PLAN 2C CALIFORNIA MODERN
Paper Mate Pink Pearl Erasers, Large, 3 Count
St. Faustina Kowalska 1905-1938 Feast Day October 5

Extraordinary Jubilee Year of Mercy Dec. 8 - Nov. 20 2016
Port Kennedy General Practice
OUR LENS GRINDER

--

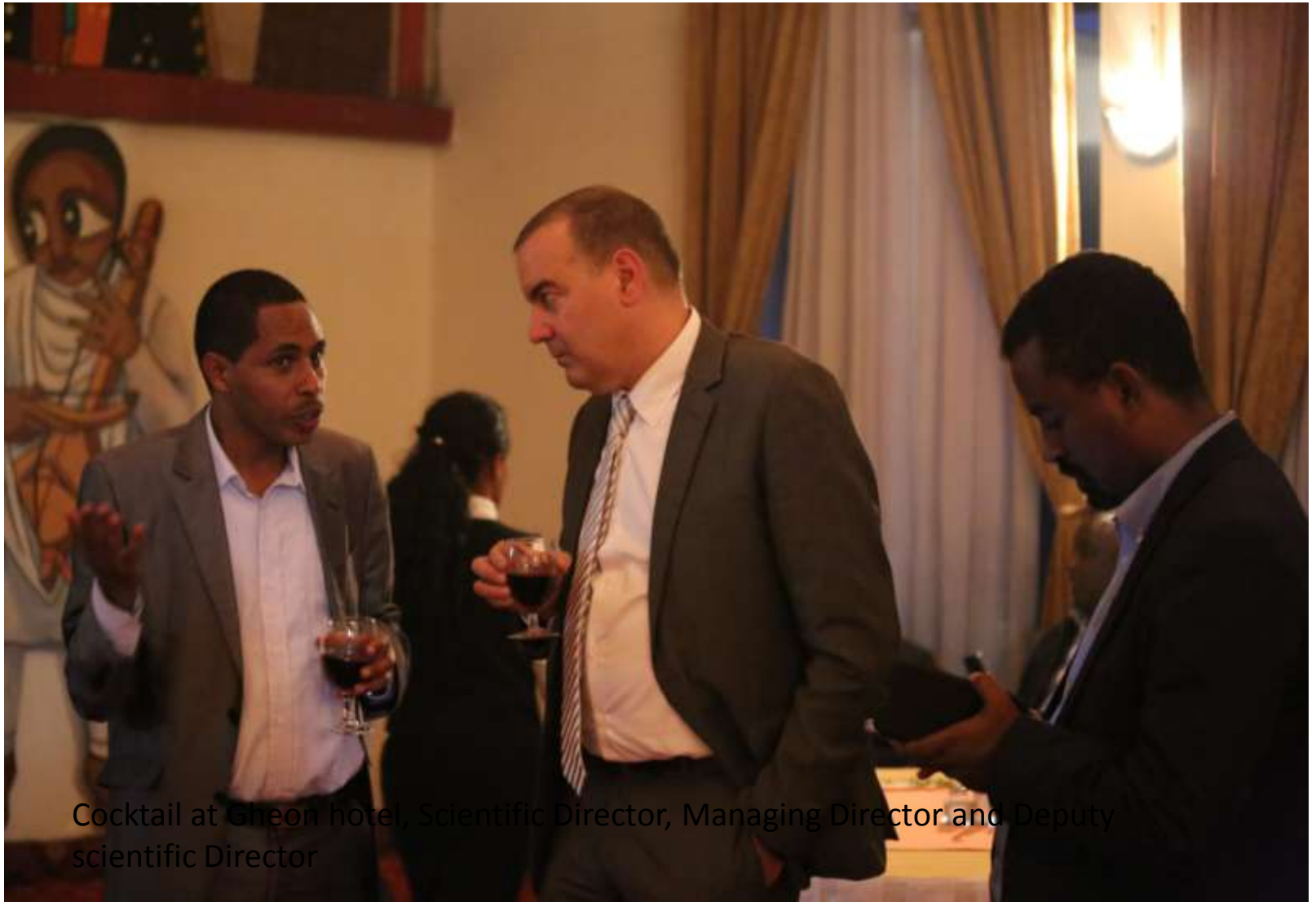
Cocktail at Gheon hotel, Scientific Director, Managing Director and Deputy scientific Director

---

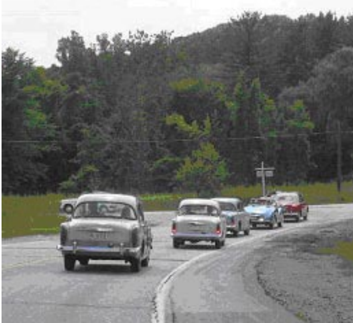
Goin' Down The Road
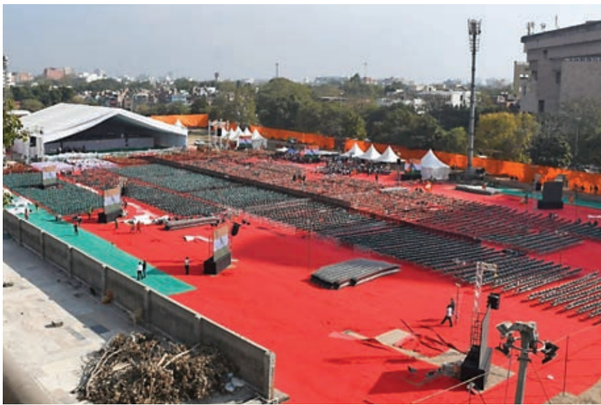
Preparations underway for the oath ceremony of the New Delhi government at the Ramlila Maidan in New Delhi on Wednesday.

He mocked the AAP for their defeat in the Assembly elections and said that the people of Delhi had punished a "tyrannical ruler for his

> _To do_
Filter the records for lines holding the string "Delhi". Copy each one.

> _Solution for this problem_
Preparations underway for the oath ceremony of the New Delhi government at the Ramlila Maidan in New Delhi on Wednesday.
He mocked the AAP for their defeat in the Assembly elections and said that the people of Delhi had punished a "tyrannical ruler for his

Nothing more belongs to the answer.